◆ Stored data ◆
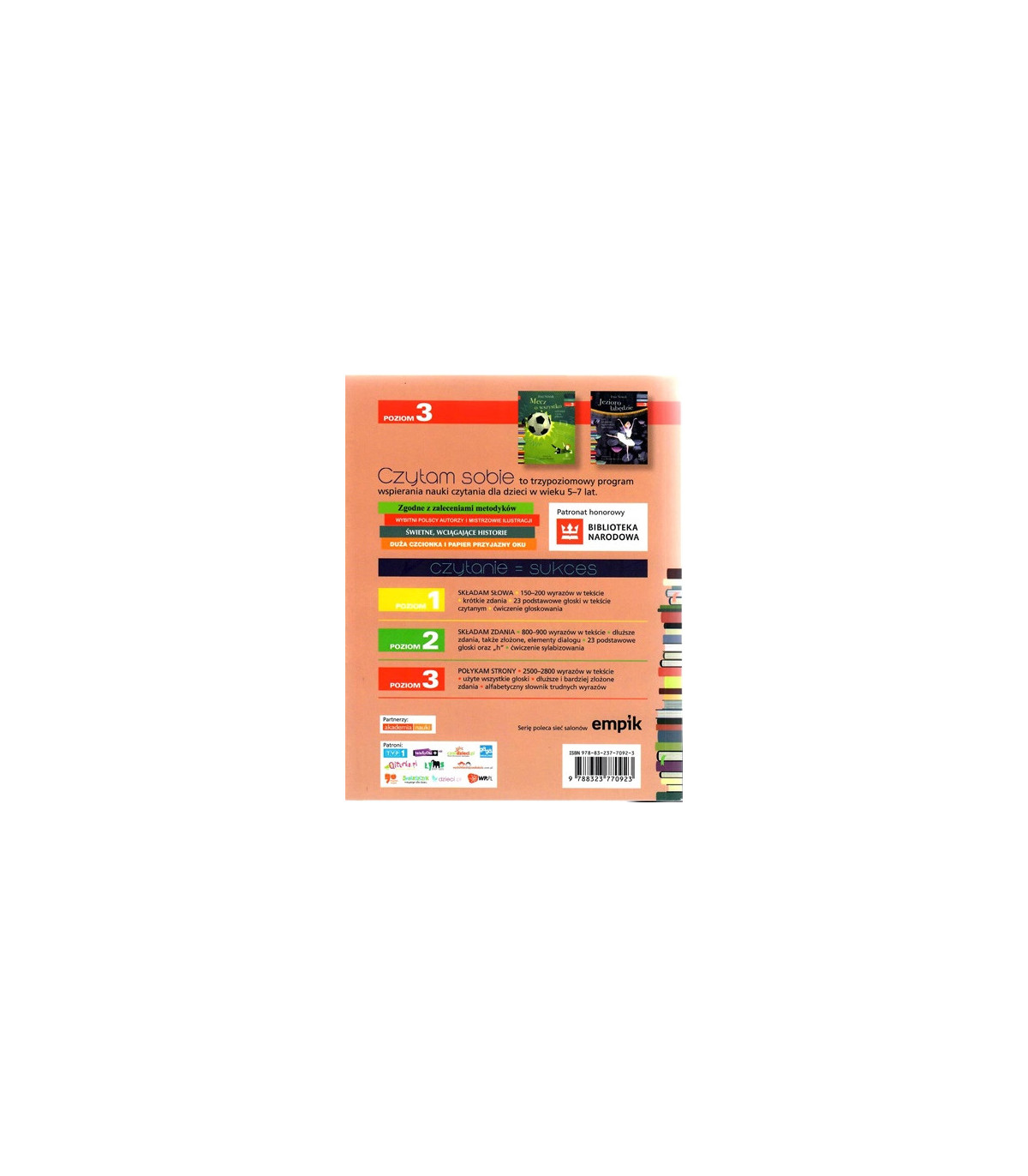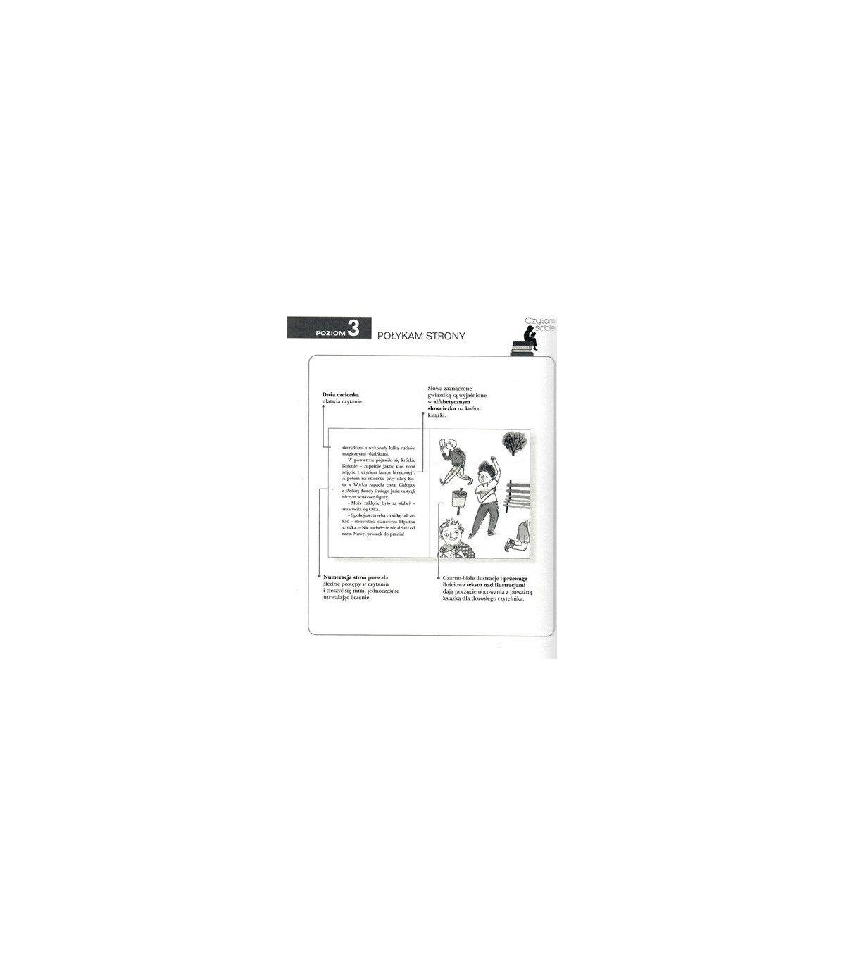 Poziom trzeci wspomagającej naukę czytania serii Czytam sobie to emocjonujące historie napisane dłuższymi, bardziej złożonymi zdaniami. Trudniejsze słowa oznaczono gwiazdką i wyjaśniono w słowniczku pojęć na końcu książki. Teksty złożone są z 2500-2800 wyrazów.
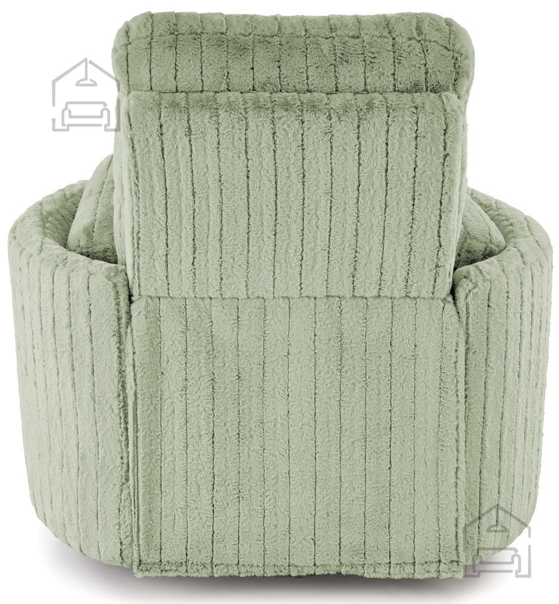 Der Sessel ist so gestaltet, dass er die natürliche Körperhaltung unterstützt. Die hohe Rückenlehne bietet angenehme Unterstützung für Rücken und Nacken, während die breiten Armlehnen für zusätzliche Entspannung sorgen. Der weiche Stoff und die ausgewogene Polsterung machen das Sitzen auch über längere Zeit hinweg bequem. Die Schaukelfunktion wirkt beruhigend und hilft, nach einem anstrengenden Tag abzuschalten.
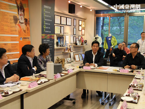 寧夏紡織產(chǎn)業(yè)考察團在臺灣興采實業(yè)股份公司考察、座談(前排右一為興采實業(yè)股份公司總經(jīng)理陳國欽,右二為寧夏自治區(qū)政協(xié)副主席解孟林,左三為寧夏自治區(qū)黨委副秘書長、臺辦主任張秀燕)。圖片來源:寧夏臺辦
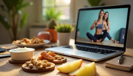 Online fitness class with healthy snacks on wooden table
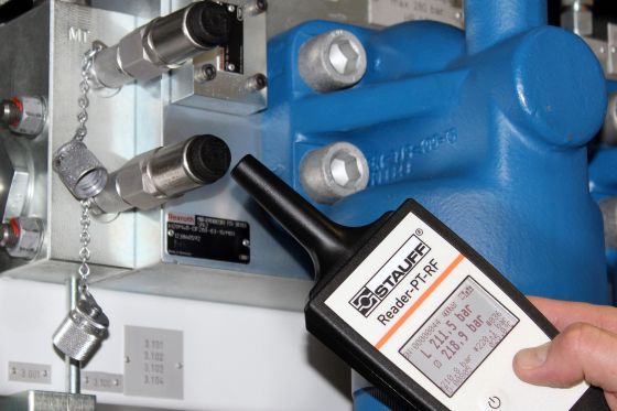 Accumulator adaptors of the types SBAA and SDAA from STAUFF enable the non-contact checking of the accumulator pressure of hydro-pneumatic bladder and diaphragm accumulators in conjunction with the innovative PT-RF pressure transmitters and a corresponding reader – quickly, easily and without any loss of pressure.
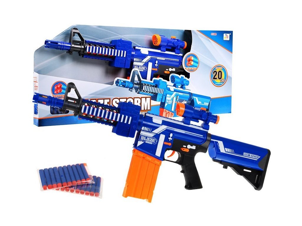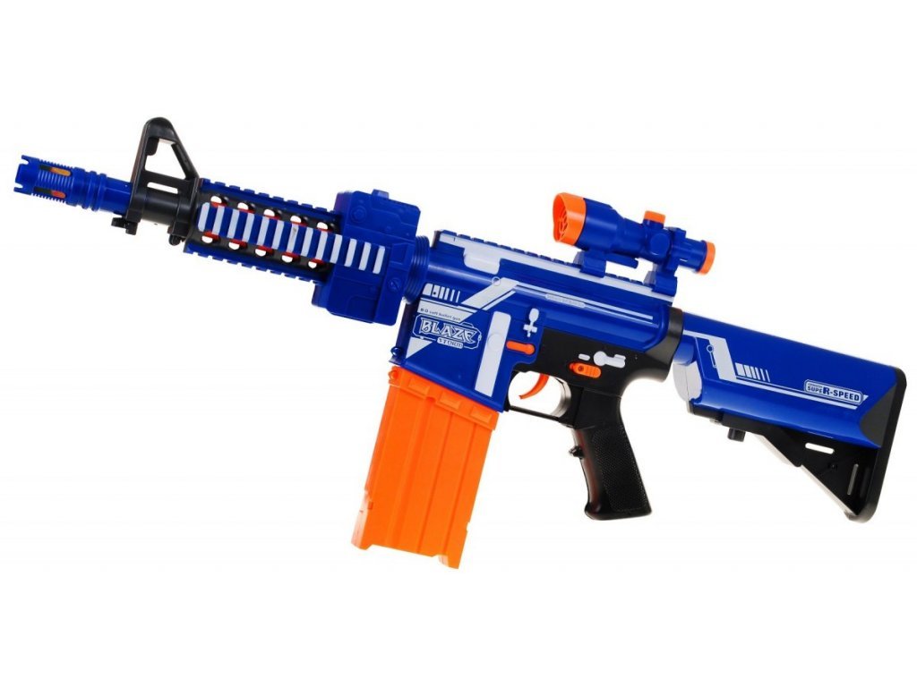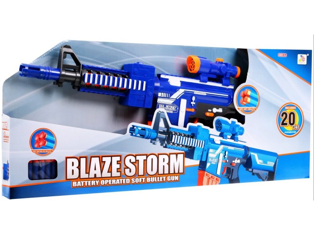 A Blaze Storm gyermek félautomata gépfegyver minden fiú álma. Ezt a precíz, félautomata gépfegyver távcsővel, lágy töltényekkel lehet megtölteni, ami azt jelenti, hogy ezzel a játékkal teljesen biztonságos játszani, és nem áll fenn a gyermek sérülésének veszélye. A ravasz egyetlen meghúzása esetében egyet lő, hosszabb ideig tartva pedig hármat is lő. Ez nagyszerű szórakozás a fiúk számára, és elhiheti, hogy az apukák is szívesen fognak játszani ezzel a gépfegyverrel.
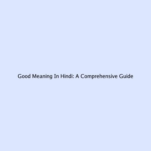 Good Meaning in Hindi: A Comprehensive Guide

◆ Task ◆
Word for word, restate the whole listing and drop the images.

◆ Completed task ◆
 Poziom trzeci wspomagającej naukę czytania serii Czytam sobie to emocjonujące historie napisane dłuższymi, bardziej złożonymi zdaniami. Trudniejsze słowa oznaczono gwiazdką i wyjaśniono w słowniczku pojęć na końcu książki. Teksty złożone są z 2500-2800 wyrazów.
 Der Sessel ist so gestaltet, dass er die natürliche Körperhaltung unterstützt. Die hohe Rückenlehne bietet angenehme Unterstützung für Rücken und Nacken, während die breiten Armlehnen für zusätzliche Entspannung sorgen. Der weiche Stoff und die ausgewogene Polsterung machen das Sitzen auch über längere Zeit hinweg bequem. Die Schaukelfunktion wirkt beruhigend und hilft, nach einem anstrengenden Tag abzuschalten.
 寧夏紡織產(chǎn)業(yè)考察團在臺灣興采實業(yè)股份公司考察、座談(前排右一為興采實業(yè)股份公司總經(jīng)理陳國欽,右二為寧夏自治區(qū)政協(xié)副主席解孟林,左三為寧夏自治區(qū)黨委副秘書長、臺辦主任張秀燕)。圖片來源:寧夏臺辦
 Online fitness class with healthy snacks on wooden table
 Accumulator adaptors of the types SBAA and SDAA from STAUFF enable the non-contact checking of the accumulator pressure of hydro-pneumatic bladder and diaphragm accumulators in conjunction with the innovative PT-RF pressure transmitters and a corresponding reader – quickly, easily and without any loss of pressure.
 A Blaze Storm gyermek félautomata gépfegyver minden fiú álma. Ezt a precíz, félautomata gépfegyver távcsővel, lágy töltényekkel lehet megtölteni, ami azt jelenti, hogy ezzel a játékkal teljesen biztonságos játszani, és nem áll fenn a gyermek sérülésének veszélye. A ravasz egyetlen meghúzása esetében egyet lő, hosszabb ideig tartva pedig hármat is lő. Ez nagyszerű szórakozás a fiúk számára, és elhiheti, hogy az apukák is szívesen fognak játszani ezzel a gépfegyverrel.
 Good Meaning in Hindi: A Comprehensive Guide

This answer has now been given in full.